From a programming perspective, I need to learn how to:

  1. manage branches via Git;
  2. create pull requests and rebase them;
  3. create a custom distribution class in PyMC;
  4. how to debug Aesara.

All in all, the creation of a DP submodule requires that I go through the many learning steps listed above and none should nor can be skipped. The slow realization of these sequential objectives overcomes the imposter syndrome that I felt as I dove head first into this project.

Tip #3: Be confident!

While this advice may sound generic, it’s always nice to hear it from someone else, especially when stuck on something daunting, e.g. job hunting, debugging code, facing set-backs, etc. As graduate students, the process of spending several years writing a single document can be exhausting as there is always something more to work on (see tip #1). We are also often blinded by the work that needs to be done and the hurdles that we encounter as we fail to be proud of how far we have come in our studies. Building confidence is difficult yet important and, no matter the challenges we encounter, there is always reason to be proud of ourselves.

Tip #4: Know how much you are worth. Highly compensated yet fun work is available.

For graduate students, the thesis is the ticket to graduation and any other non-academic work can be a distraction from this precious ticket. An inadvertent consequence is that we often do not realize the value that we could bring in the workforce nor the out-of-academia jobs that would satisfy the desire to tacke scientifically advanced or innovative problems. In short, there are fun jobs that pay well as graduate education in a highly technical area is worth a lot (who would have known??).

Summer 2022 and Beyond

While PyMC permits the use of truncated DP Mixtures, a nice API is yet to be made available. This is a work-in-progress and it is one of the objectives of my 2022 Google Summer of Code project. As mentioned in the first paragraph of this post, I will be diving deeper into Aesara and AePPL to better understand the computational engine of PyMC while having the DP submodule as the final end product. I will visit my former department at the University of Bordeaux and attend PyData London in mid-June. For the rest of the summer, a good portion will be devoted to relaxing, coding and enjoying some time off from my studies. I must give very special thanks to my amazing PhD advisors, Dr. Olli Saarela and Dr. Eleanor Pullenayegum, for their patience, guidance and support throughout my doctoral studies so far.

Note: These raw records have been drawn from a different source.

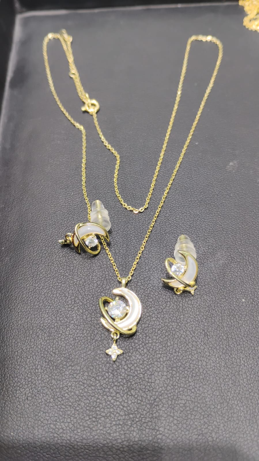 Gold-Plated Moon & Star Pendant Necklace with Studs
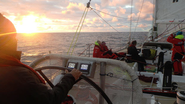 For the first time in days, all twelve boats are visible on the Race Viewer as none of the teams are in Stealth Mode. Garmin, which has moved up to fourth place given its proximity to the rhumb line, is still the closest inshore, and Skipper Ash Skett says they’ve been enjoying good speeds which has helped claw back a few miles.
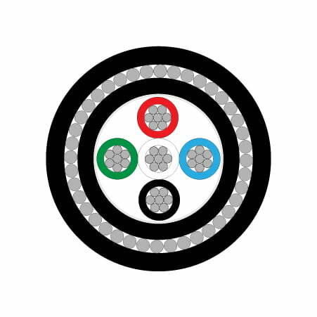 4 Core + Earth (5G), 25.0mm², TCW, XLPE 90°C, SWA, 0.6/1KV, Circular TPS Cable (MASCPX5G25.0SWA)
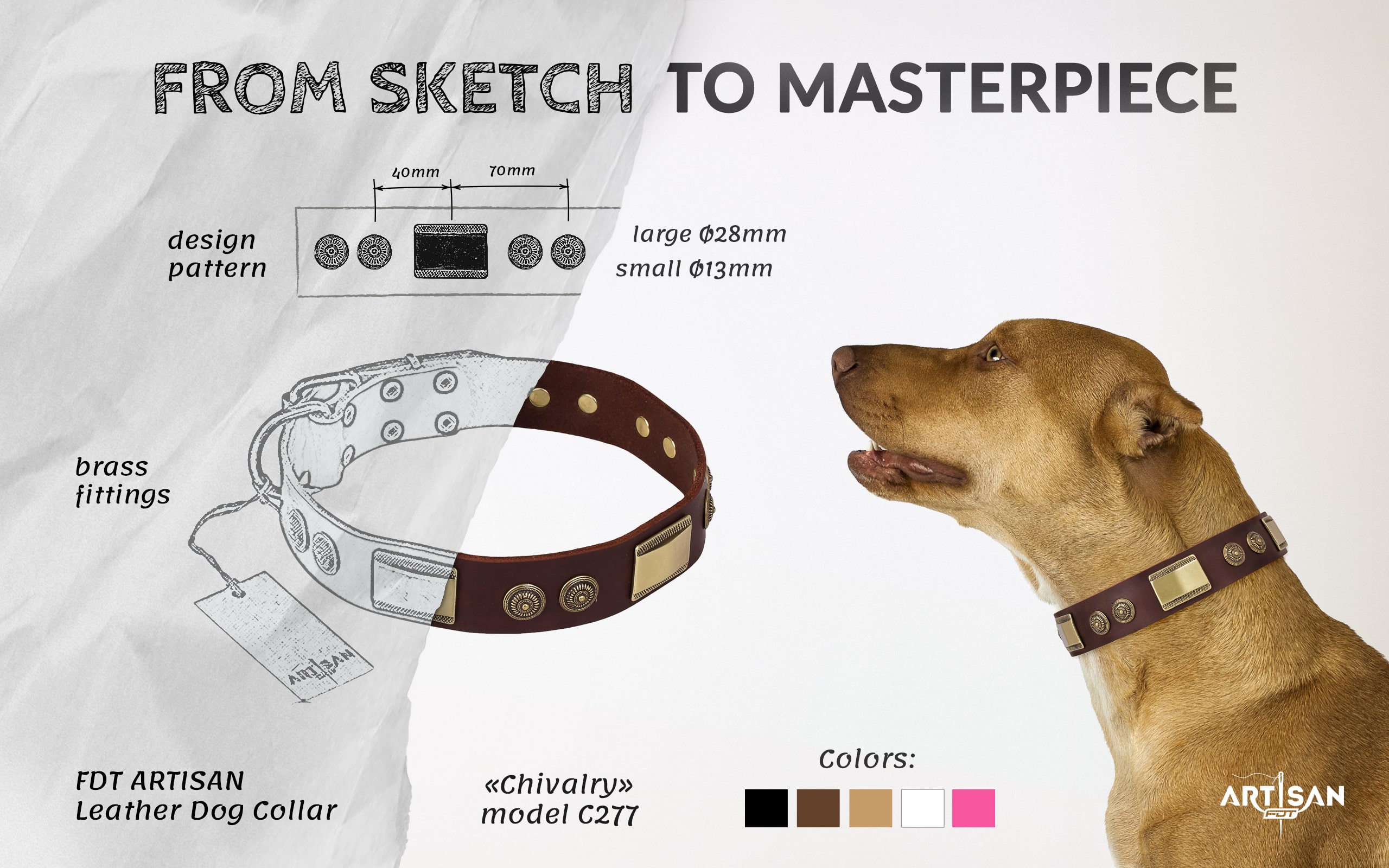 Chivalry Style Decorated Brown Leather Dog Collar with Brass Plated Hardware
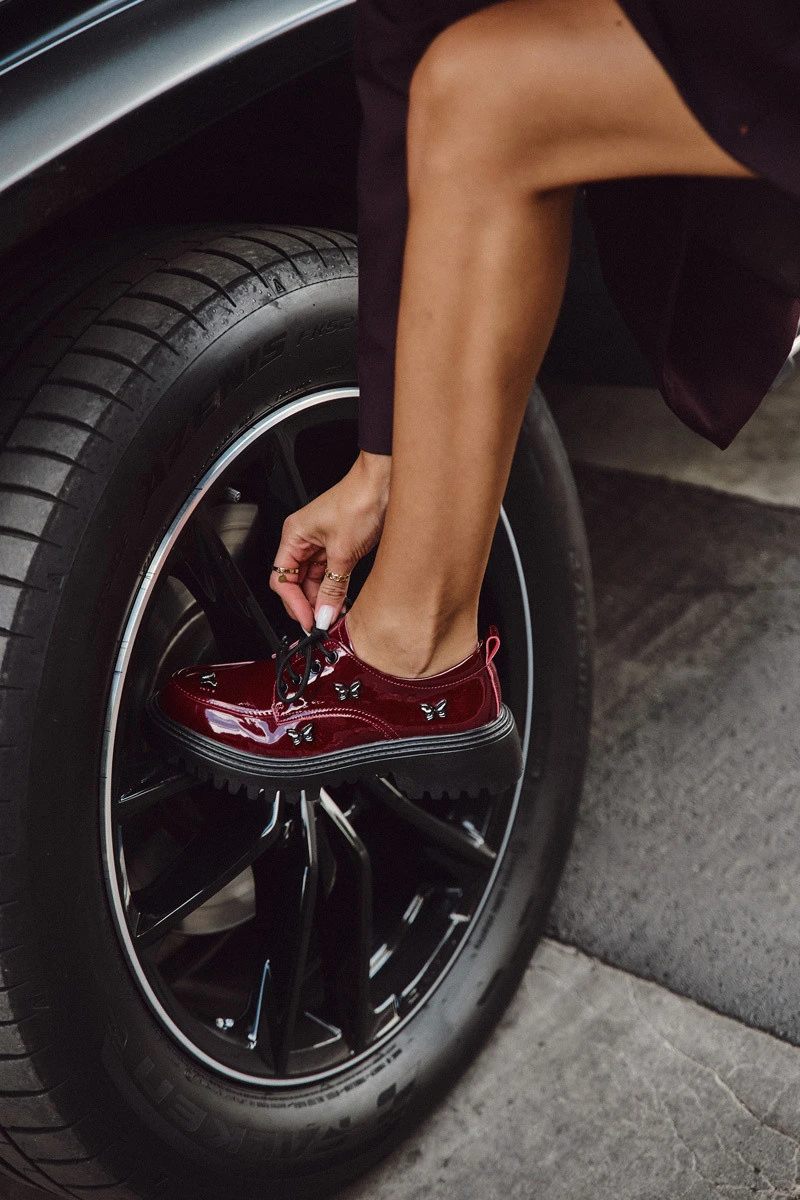 Dámské lakované kožené polobotky s připínacími doplňky Artiker – bordó
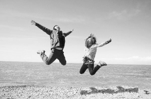 青海湖位于青海省海北藏族自治州剛察縣南部,是中國最大的內(nèi)陸咸水湖。碧波浩瀚,鳥翼如云的青海湖,盛夏時(shí)節(jié)平均氣溫僅15攝氏度,為天然避暑勝地。圖為游客在青海湖畔縱身躍起。 吳光于攝
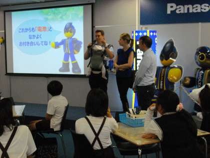 本日はたまたま、ドイツにあるパナソニック関連会社で働くドイツ人夫妻(赤ちゃんも)が研修でPanasonic乾電池工場を見学に来ていました。
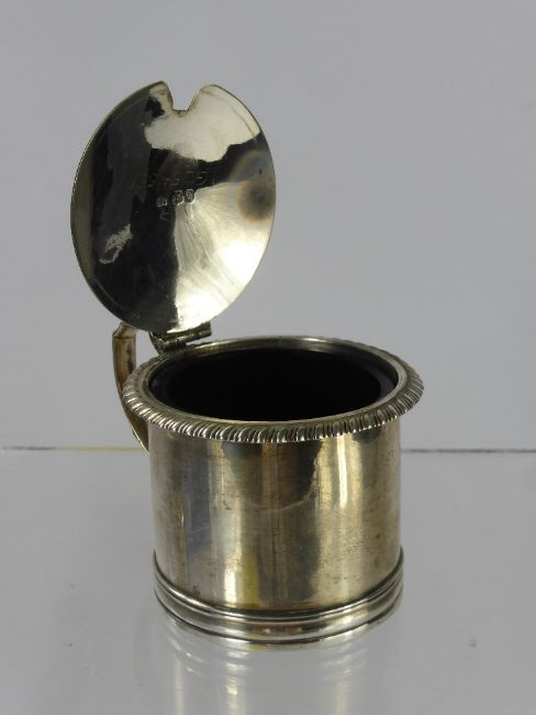 A Victorian Silver Mustard Pot, hinged lid with thumb piece, engine turned lid with roped edge decoration, London hallmark, dated 1843/44, mm rubbed, approx 126 gms (without liner).
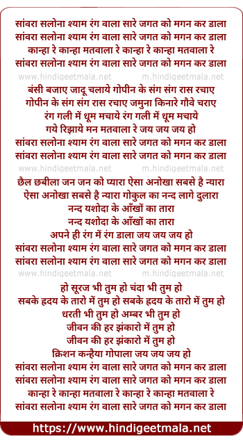 Lyrics of Sanwla Salona Shyam Rang Wala - सांवला सलोना श्याम रंग वाला

For the future, I hope to stay involved within the PyMC community. It is becoming more and more apparent that the future for developing statistical software is bright, i.e. full of job opportunities. With a DP functionality available, an interesting avenue to pursue would be to create a Bayesian non-parametric toolbox as Gaussian Processes and Bayesian Additive Regression Trees (BART) are available with in PyMC. As for my PhD, I am looking forward to finally being in-person, mingling with my peers and continuing my research in dynamic treatment regimes.